The sun was setting on what had been a beautiful day in late autumn... Pathetic fallacy a metaphor relating not the weather to our emotional state or current predicament, instead identifying with a seasonal, whispering reminder that our lives were about to fall.
We had been running all day, our efforts promising not salvation but instead a sincere struggle offering an extension of what minutes we hoped to have left...
The minutes turned to hours, and the three of us pushed through exhaustion and pressed forward, until the river before you in the photograph presented itself to us as we forced ourselves through the chilly black waters to the other side.
The witches behind us wailed a fury that pierced our very souls. They gathered on the other side, unwilling or unable to cross the moving water to claim our flesh.
We lay on the bank of the opposite side of the river, side by side, collapsed in a trio of heaving chests and steaming breath. Too exhausted to process anything more than to feed our hungry lungs, we hyperventilated with our eyes closed, hands clutching the sides of our heads to defend as best we could against that infernal auditory attack.
As we caught our breath, we slowly realized the wailing had turned into a gleeful, horrific, malevolent laughter.
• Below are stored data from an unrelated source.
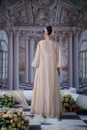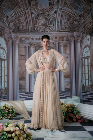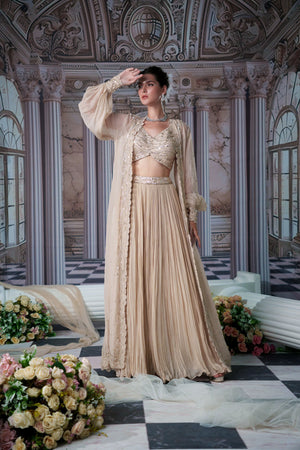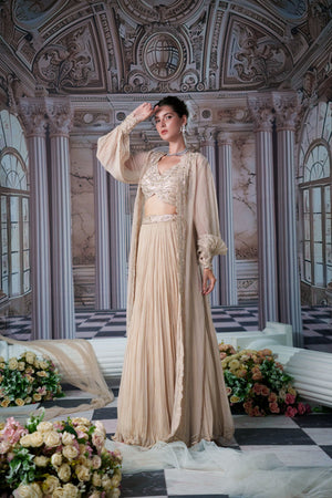 This Gorgeous Nude Colour Lehenga With Beautiful Long Cape Has Full Embroidered Blouse And Over It Has Organza Long Cape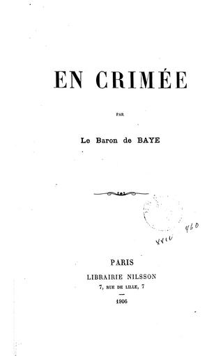 <a href="http://search.rsl.ru/ru/record/01004437359" rel="nofollow">search.rsl.ru/ru/record/01004437359</a> crimea ethnography rsl 1895 1894 крым crimée russianstatelibrary российскаягосударственнаябиблиотека ргб этнография барондебай bayejoseph 1906. Baye, En Crimee. RSL Страница 01 (26275613246).jpg En Crimee / par le baron de Baye - Librairie Nilsson 1906 - 55 с http //search rsl ru/ru/record/01004437359 search rsl ru/ru/record/01004437359 https //www flickr com/photos/112083457 N03/26275613246/ 1906 Baye En Crimee RSL_Ст аница_01 2016-04-07 21 36 Joseph de Baye PD-old-auto-1923 1931 1894-1895 Baron de Baye 19 phot de Crimée Joseph de Baye |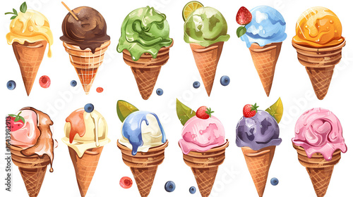 Whimsical assortment of colorful ice cream cones for your summer designs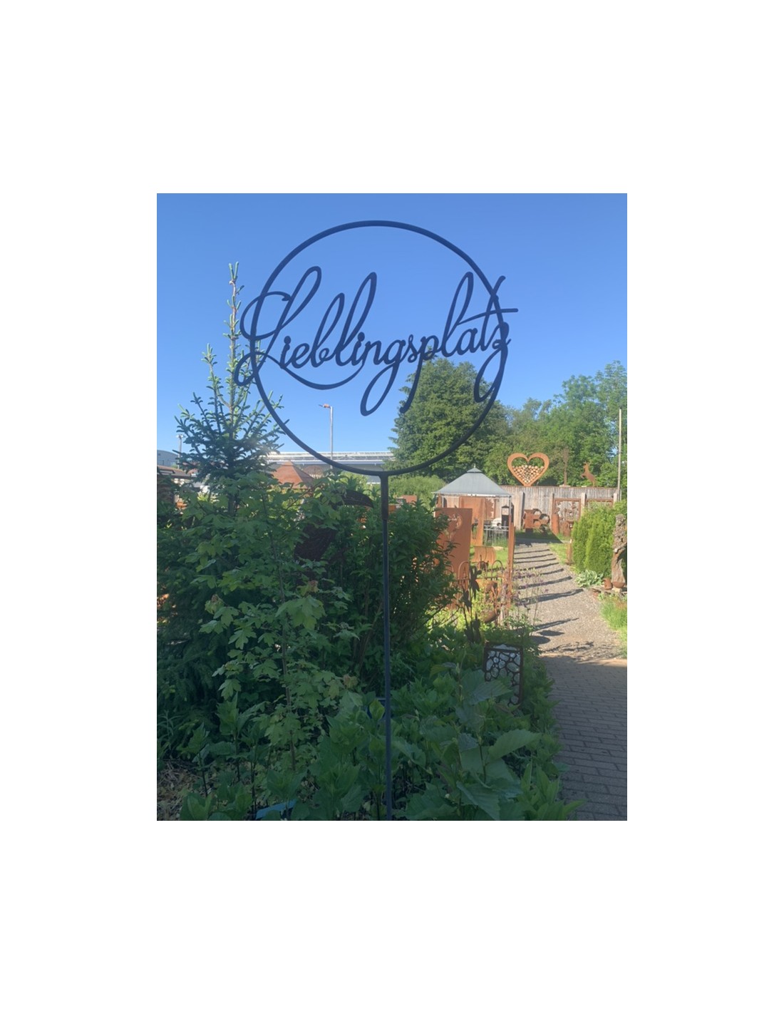 Lieblingsplatz Schriftzug im Ring aus Metall als Gartendeko Rost für besondere Stellen in Deinem Garten

Lifting our heads, we saw the Evil Queen, taller than the others, her stinking mouth and rotten teeth in full view during her vile celebration, with her left arm extended, one broken and black nailed finger pointing across the river.
Not at our exhausted bodies, but over our heads, imploring a recognition on our part of what lay in wait behind us.
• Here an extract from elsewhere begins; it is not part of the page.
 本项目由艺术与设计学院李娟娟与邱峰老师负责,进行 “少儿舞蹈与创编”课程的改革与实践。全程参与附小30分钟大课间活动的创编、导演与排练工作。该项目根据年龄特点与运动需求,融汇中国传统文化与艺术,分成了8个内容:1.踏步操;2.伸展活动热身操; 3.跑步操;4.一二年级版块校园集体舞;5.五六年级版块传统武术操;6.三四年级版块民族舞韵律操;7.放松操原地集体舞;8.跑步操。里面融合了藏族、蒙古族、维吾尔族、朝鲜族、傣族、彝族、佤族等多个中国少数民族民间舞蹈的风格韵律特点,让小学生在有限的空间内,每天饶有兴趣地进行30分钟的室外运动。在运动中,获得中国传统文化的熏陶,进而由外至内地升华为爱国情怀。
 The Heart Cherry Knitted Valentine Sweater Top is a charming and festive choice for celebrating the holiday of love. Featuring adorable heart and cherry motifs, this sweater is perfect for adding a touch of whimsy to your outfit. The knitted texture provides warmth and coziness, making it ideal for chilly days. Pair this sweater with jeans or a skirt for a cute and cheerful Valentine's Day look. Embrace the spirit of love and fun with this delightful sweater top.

The daylight softened with each subsequent breath, and in unison we rolled on to an elbow to see what inspired such cruel delight in the demonic wretches we had just barely escaped.
Behind us, what our eyes registered inspired a renewed dread; what relief we had so briefly enjoyed should have been savored for more time than it was, such a short respite ultimately more a cruelty than a blessing.
A field, full not of trees and woodland creatures, but of shorter, human-built monolithic structures, designed to offer not respect for the departed, but as a warning to those still living.
Broken crosses, the remains of what once was rotten garlic, and rusted iron, indicating failed attempt(s?) on the part of those brave townsfolk, so very long ago.
Who, once upon a time, perished in their attempt to rid their community of the predators who relentlessly preyed upon the inhabitants of the long forgotten town, 15 miles from here, from whence the three had come.
VAMPIRES!
The rumours were true!
This morning, the three had been a group of four. Together, they had ventured out into the very deepest of the country, to search out the town, which legend says, once existed over the hills, deep to the north.
They had found the town, and it was not empty.
Their pursuers were relentless, and their intent was made clearly known when they had first made contact. An apple 🍎 had been offered to all of them, by a sweet little girl holding a basket and wearing a smile. Their companion had smiled back, and before thinking to question how this scene made any sense at all, politely took a bite of the biblically forbidden fruit, in a broken down Eden, by a gift bearer whose true nature was yet to be revealed.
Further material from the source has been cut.